Class2Go is Stanford's internal open-source platform for on-line education. A team of eight built the first version over the summer 2012, and it is still under active development. Class2Go launched this Fall for six on-campus classes and two "massive open online courses" (MOOC's): Computer Networking and Solar Cells, Fuel Cells, and Batteries.
Class2Go was built to be an open platform for learning and research. Professors have access to the classes' data to learn how their students learn. We will facilitate experiments. For example, we intend this to be the best plaform for running A/B/N tests to measure the impact of different teaching methods on student outcomes, or to build interesting features to try out new ways of presenting material or grading exercises. We believe an open source platform is the best way to do this.
For community support of c2g users, we have a Google group at https://groups.google.com/forum/#!forum/class2go-users.
If you are interested in reaching the team email us at firstname.lastname@example.org.
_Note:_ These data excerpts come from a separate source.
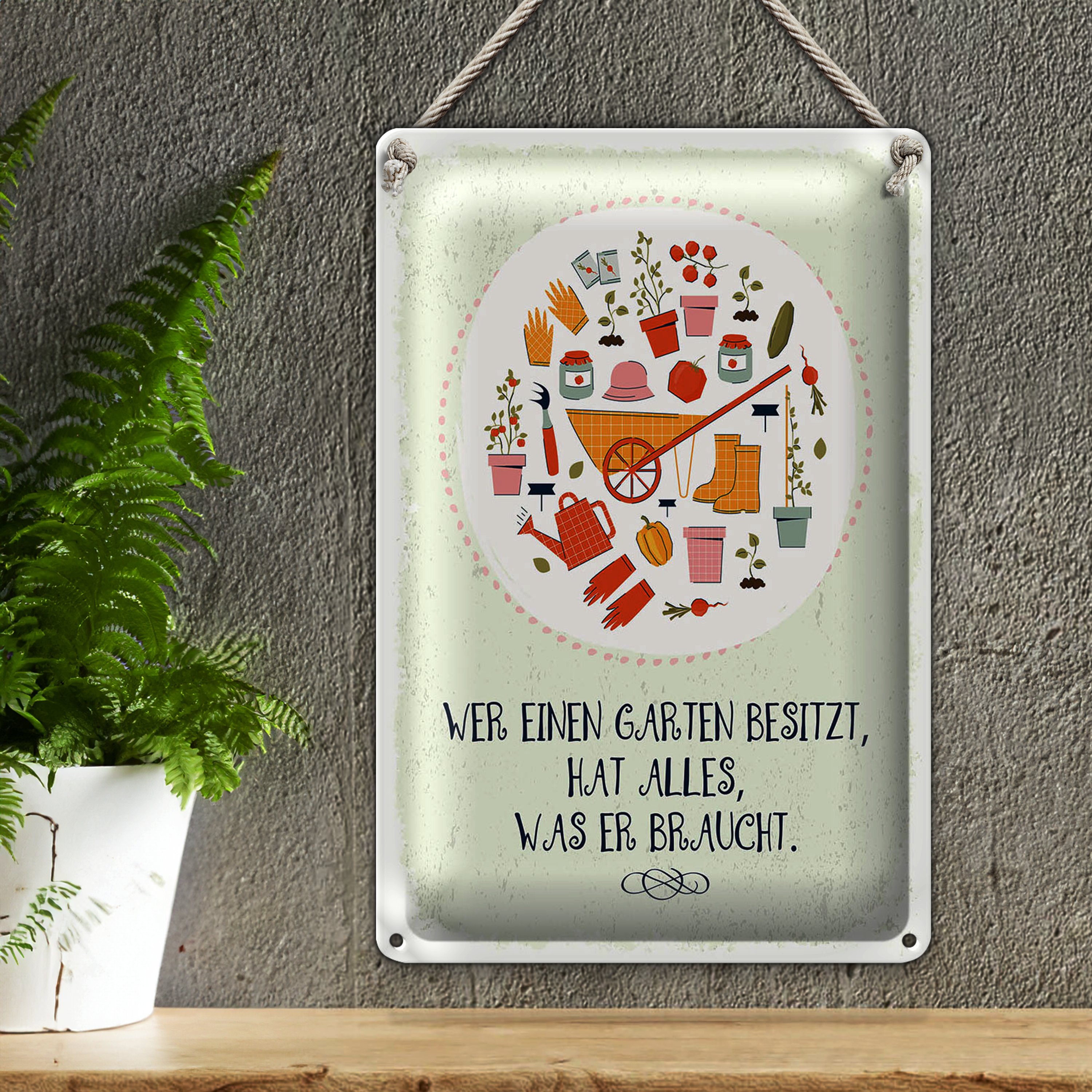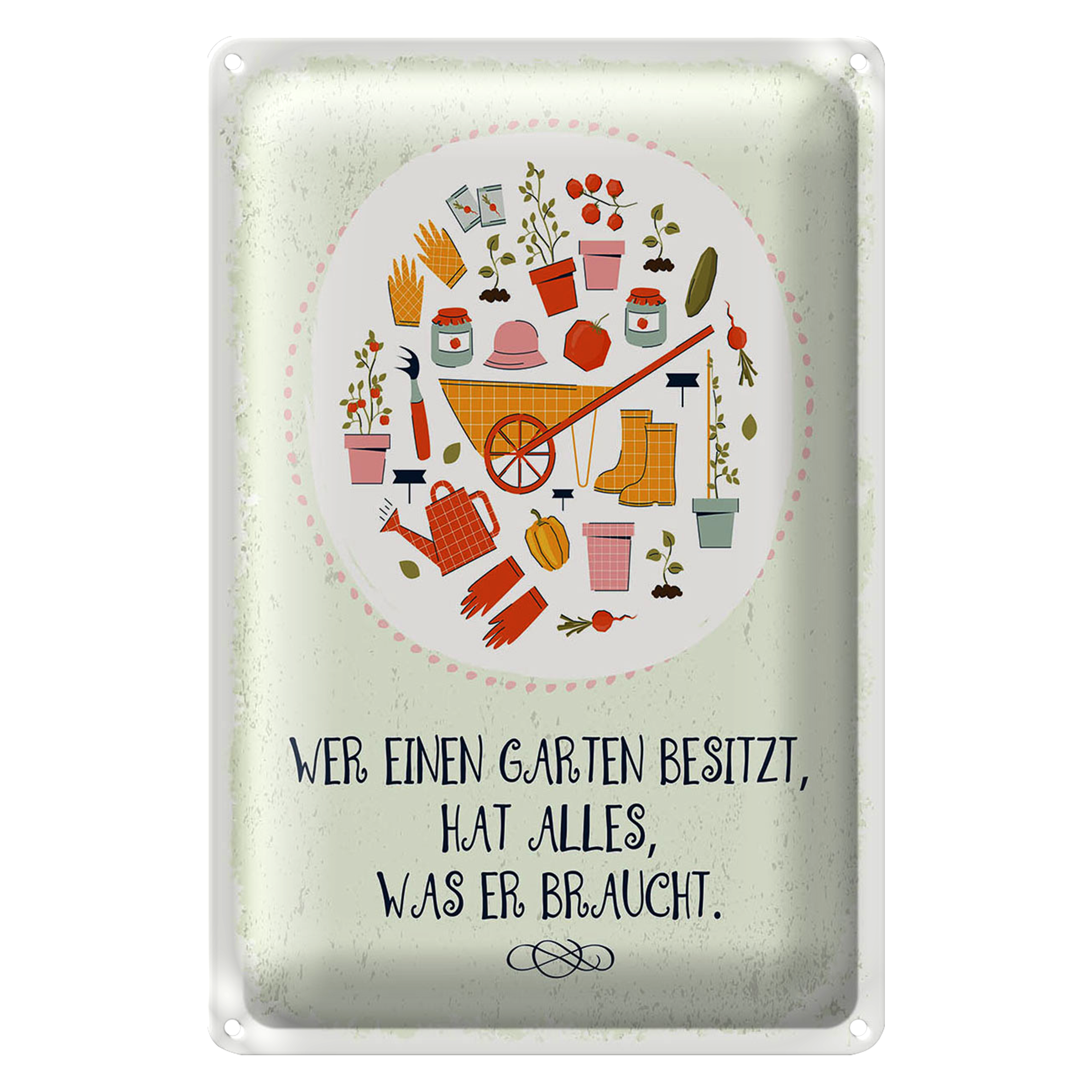 Blechschild Spruch Wer Garten besitzt hat alles 20x30cm
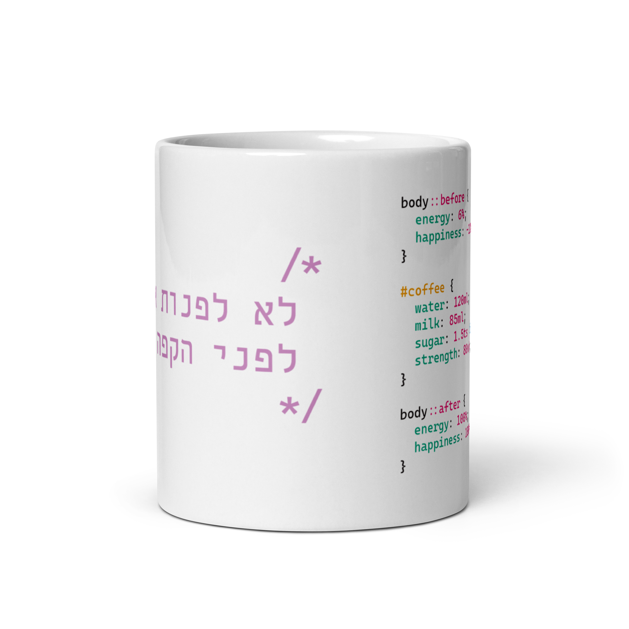 /* לא לפנות אליי לפני הקפה */If you live by clean code, pixel-perfect design, and the unbreakable rule of espresso first, socializing later — this developer coffee mug was made for you. An elegant and humorous addition to any home or office setup. Details: • Capacity: 325 ml (11 oz) • Dimensions: Height 9.8 cm (3.85 in), Diameter 8.5 cm (3.35 in) • Lead-free, high-quality ceramic • Glossy finish • Dishwasher and microwave safe
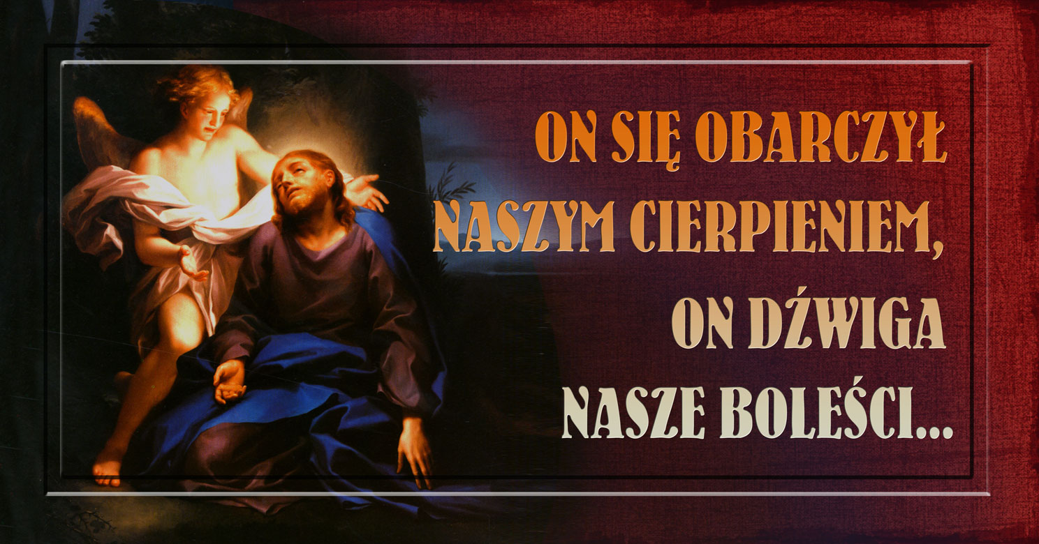 Baner okolicznościowy poziomy z napisem "On się obarczył naszym cierpieniem, on dźwiga nasze boleści...". Przeznaczony do dekoracji zewnętrznej i wewnętrznej.
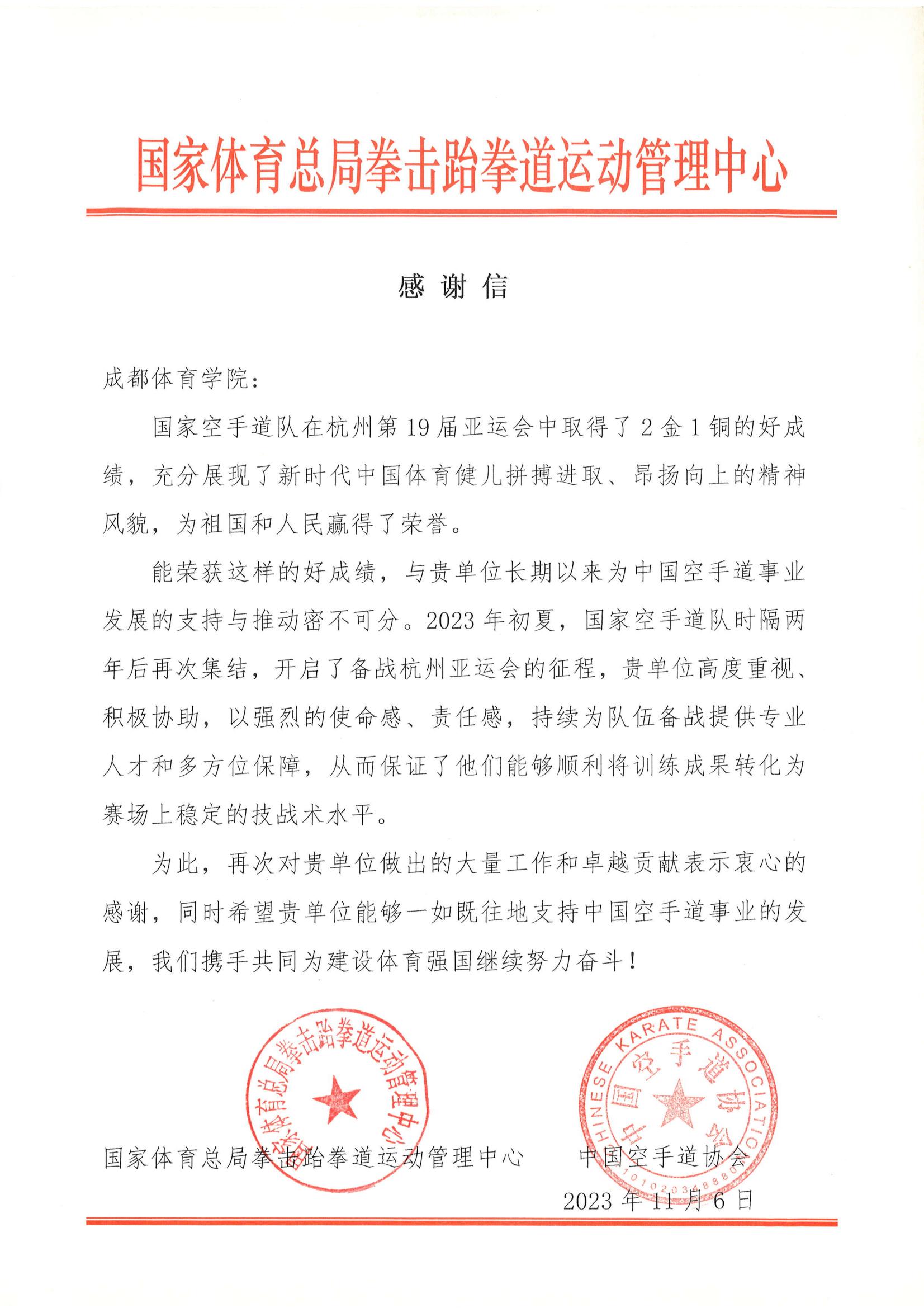 国家体育总局拳击跆拳道运动管理中心向sunbet集团发来感谢信

There are some principles that have guided our project:
Open. The platform is open source to make it easier for users (faculty members) to give us feedback on what we are doing. We would love to have others use the platform. We are working with others who are interested in using Class2Go for on-line education: universities, private schools, even NGO's.
Portable. Valuable course content shouldn't be tied to any one platform. Documents are already portable; the videos are outside our system (on YouTube) and the assets themselves can be repurposed as faculty see fit.
Interoperable. We don't want to build or maintain more than we have to. See the section below for a list of all the shoulders we are standing on.
To bring this to life we've built a system. Here are some of its important and distinguishing features.
Video and Problem Set Management. Professors (and TA's) can upload assets to S3; videos are then uploaded to YouTube.
Exercises. We support two kinds of exercises: formative, for learning and encouraging engagement; and summative, for assessment, like quizzes and tests. Students can attempt each formative problems many times as they want without penalty, but may be penalized for multiple submissions in summative sets. In both types of problem sets, feedback is available immediately so students can learn along the way.
Content Management. We have built a simple content management system where course information (videos, static pages, problem sets) can be created, reviewed, and then published. One important ability is an automatic live date, so a professor (or, most likely, their TA) doesn't have to click a button at midnight to publish a problem set.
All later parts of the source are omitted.